» GIVEN MATERIAL:
#####

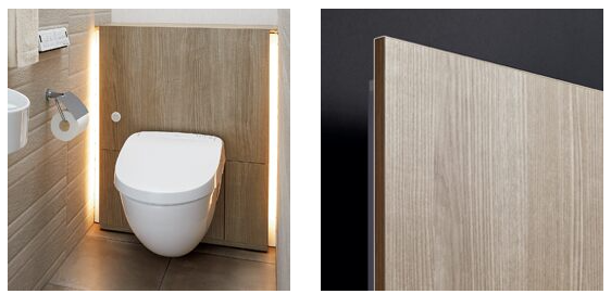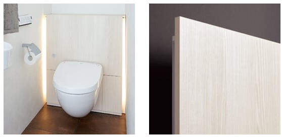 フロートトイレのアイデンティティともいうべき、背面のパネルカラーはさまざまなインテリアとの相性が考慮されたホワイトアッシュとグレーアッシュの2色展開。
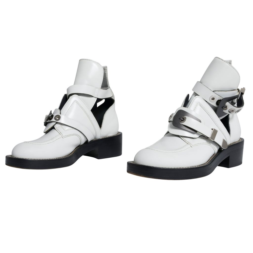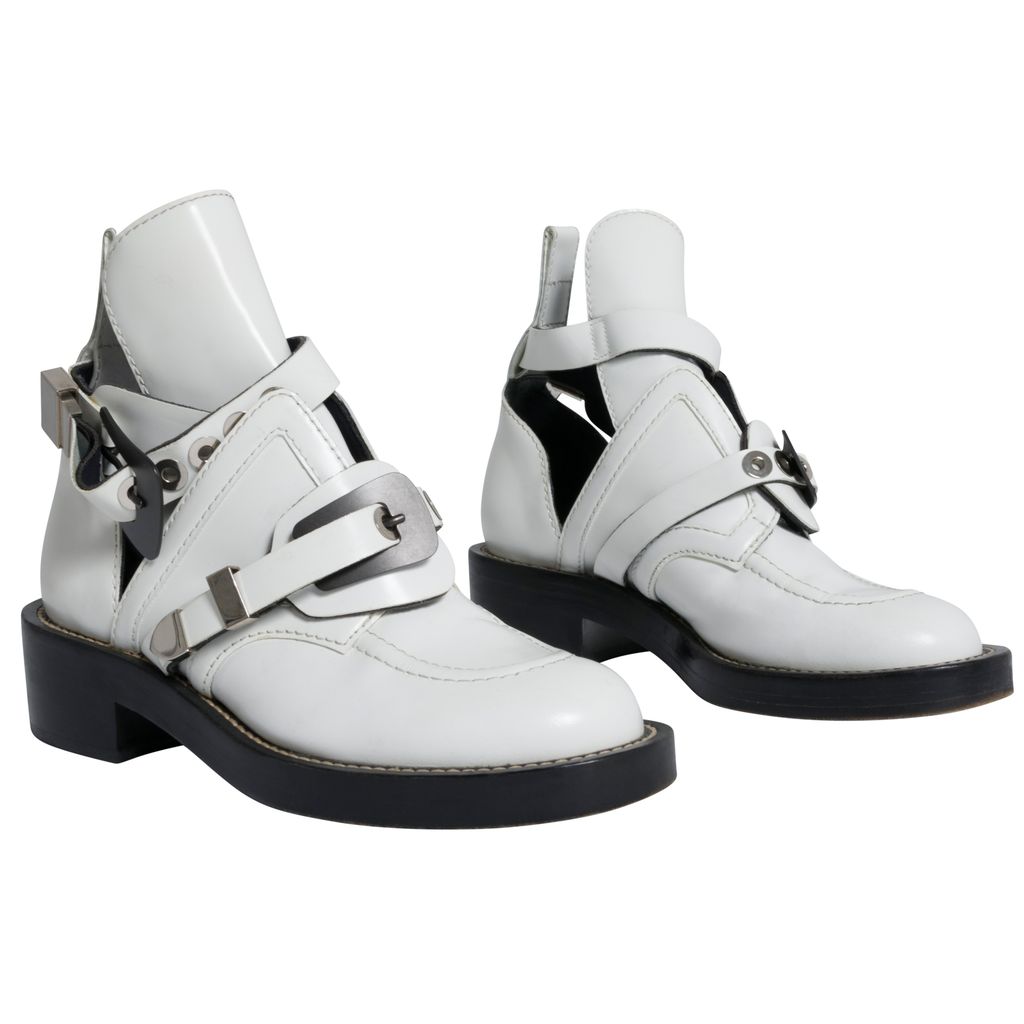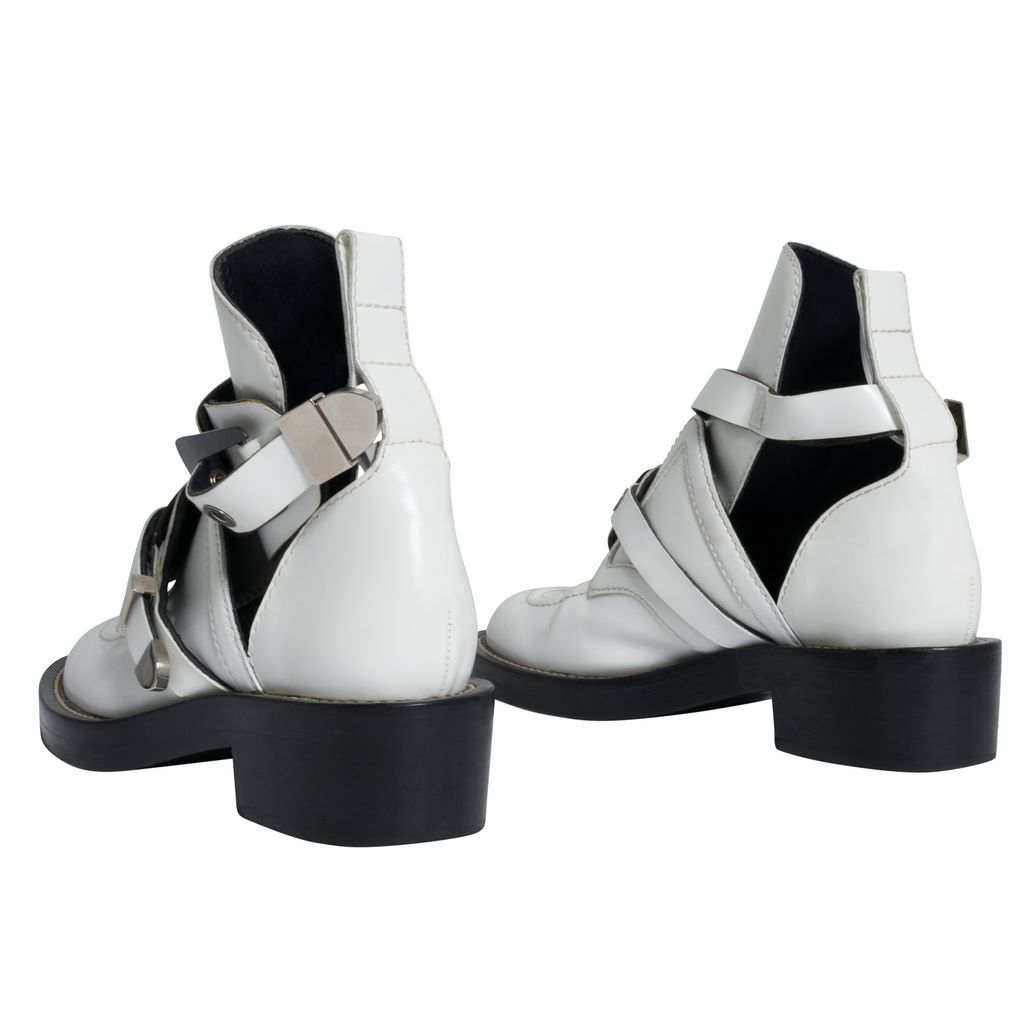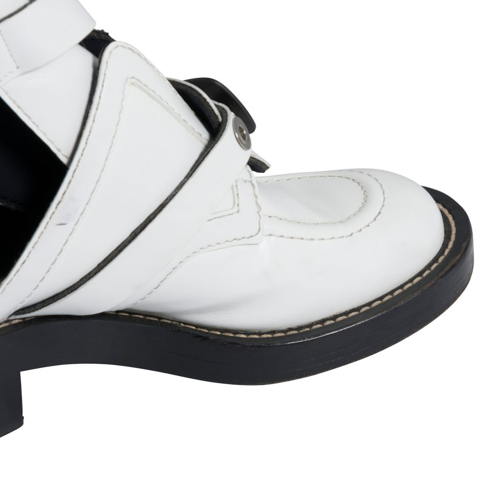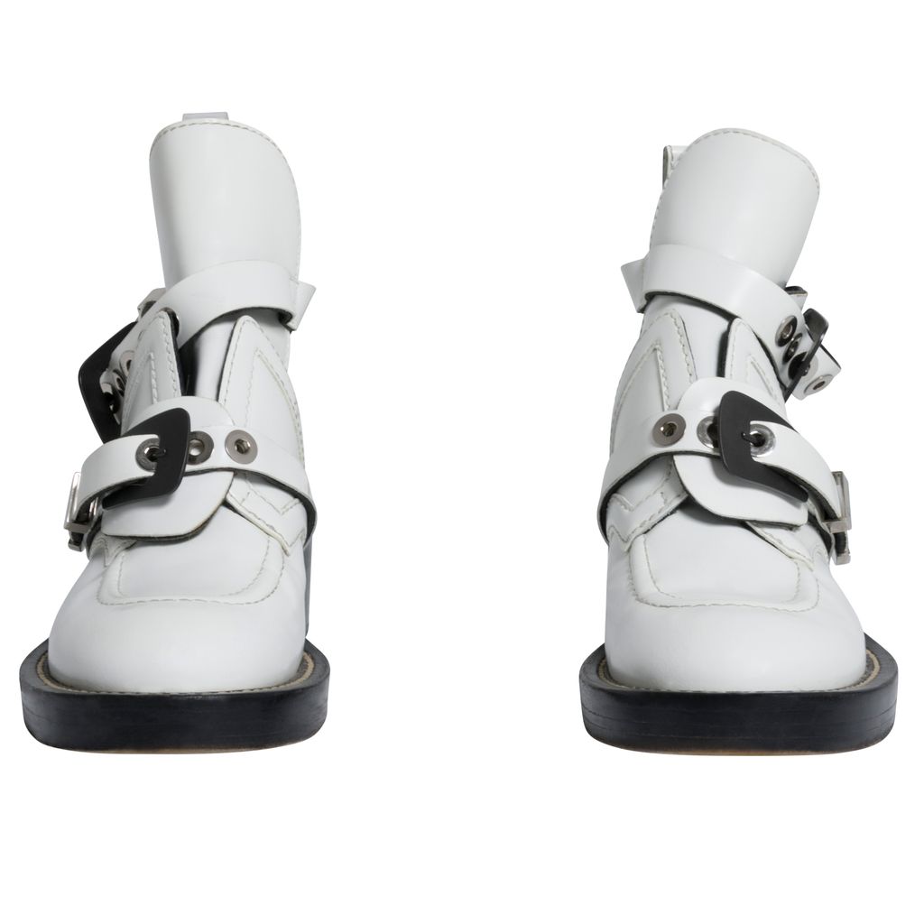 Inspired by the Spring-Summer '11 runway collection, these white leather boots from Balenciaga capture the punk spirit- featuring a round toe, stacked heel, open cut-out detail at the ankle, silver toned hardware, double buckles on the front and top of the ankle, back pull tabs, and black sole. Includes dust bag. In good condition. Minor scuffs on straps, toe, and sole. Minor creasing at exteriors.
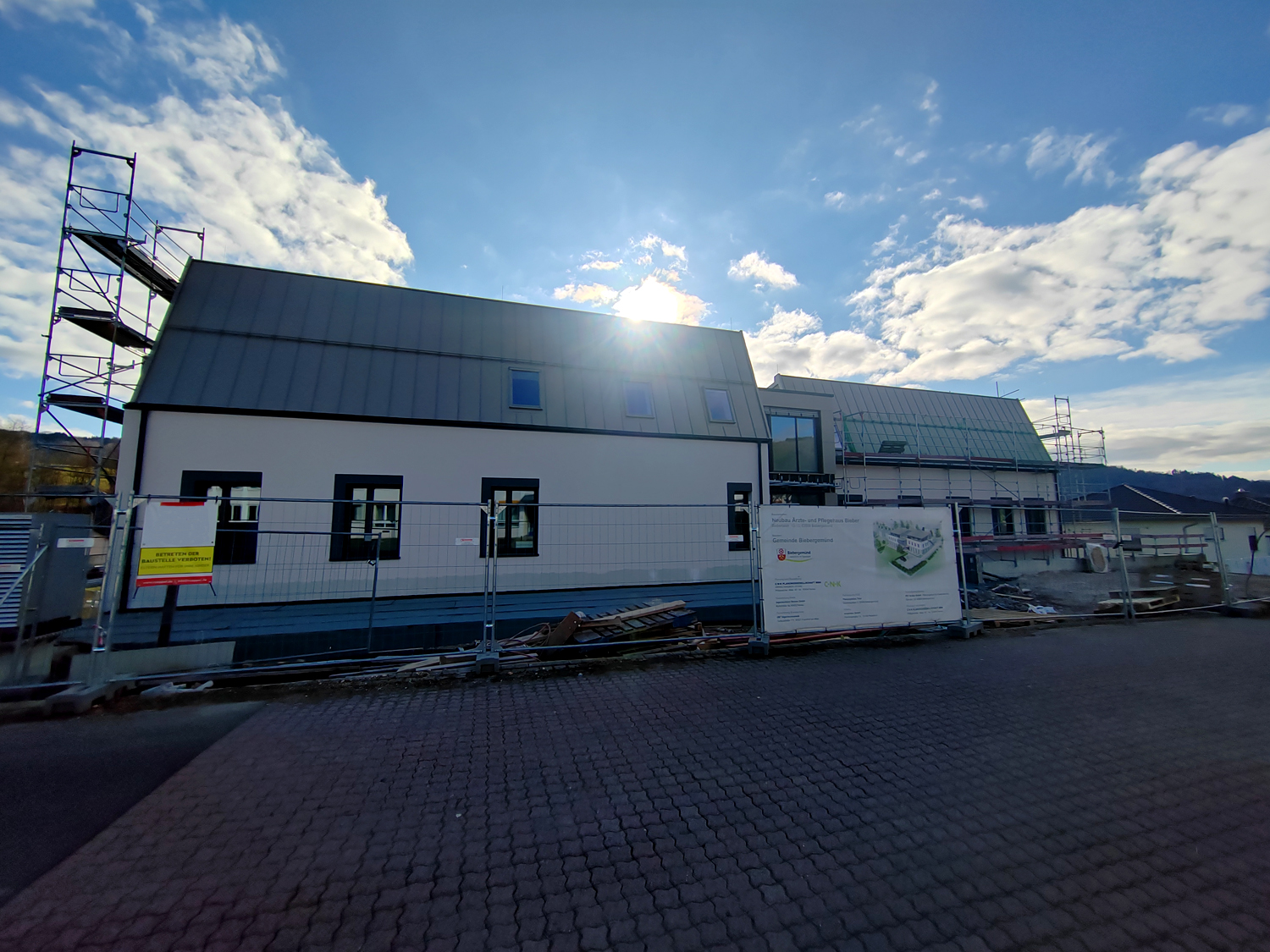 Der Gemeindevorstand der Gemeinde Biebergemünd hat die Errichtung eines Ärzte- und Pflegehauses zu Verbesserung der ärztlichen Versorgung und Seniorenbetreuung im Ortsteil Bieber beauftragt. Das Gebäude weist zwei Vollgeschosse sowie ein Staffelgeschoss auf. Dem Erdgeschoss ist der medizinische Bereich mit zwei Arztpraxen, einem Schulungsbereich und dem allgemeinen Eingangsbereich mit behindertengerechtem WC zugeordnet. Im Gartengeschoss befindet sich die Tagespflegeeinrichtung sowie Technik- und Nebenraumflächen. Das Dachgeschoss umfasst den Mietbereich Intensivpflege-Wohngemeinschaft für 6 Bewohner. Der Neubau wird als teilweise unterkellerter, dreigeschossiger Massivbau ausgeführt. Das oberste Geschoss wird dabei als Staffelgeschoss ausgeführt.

#####

» EXERCISE OBJECTIVE:
Word for word, return the listing above; the pictures do not belong in the copy.

» OUTPUT FOR THIS TASK:
 フロートトイレのアイデンティティともいうべき、背面のパネルカラーはさまざまなインテリアとの相性が考慮されたホワイトアッシュとグレーアッシュの2色展開。
 Inspired by the Spring-Summer '11 runway collection, these white leather boots from Balenciaga capture the punk spirit- featuring a round toe, stacked heel, open cut-out detail at the ankle, silver toned hardware, double buckles on the front and top of the ankle, back pull tabs, and black sole. Includes dust bag. In good condition. Minor scuffs on straps, toe, and sole. Minor creasing at exteriors.
 Der Gemeindevorstand der Gemeinde Biebergemünd hat die Errichtung eines Ärzte- und Pflegehauses zu Verbesserung der ärztlichen Versorgung und Seniorenbetreuung im Ortsteil Bieber beauftragt. Das Gebäude weist zwei Vollgeschosse sowie ein Staffelgeschoss auf. Dem Erdgeschoss ist der medizinische Bereich mit zwei Arztpraxen, einem Schulungsbereich und dem allgemeinen Eingangsbereich mit behindertengerechtem WC zugeordnet. Im Gartengeschoss befindet sich die Tagespflegeeinrichtung sowie Technik- und Nebenraumflächen. Das Dachgeschoss umfasst den Mietbereich Intensivpflege-Wohngemeinschaft für 6 Bewohner. Der Neubau wird als teilweise unterkellerter, dreigeschossiger Massivbau ausgeführt. Das oberste Geschoss wird dabei als Staffelgeschoss ausgeführt.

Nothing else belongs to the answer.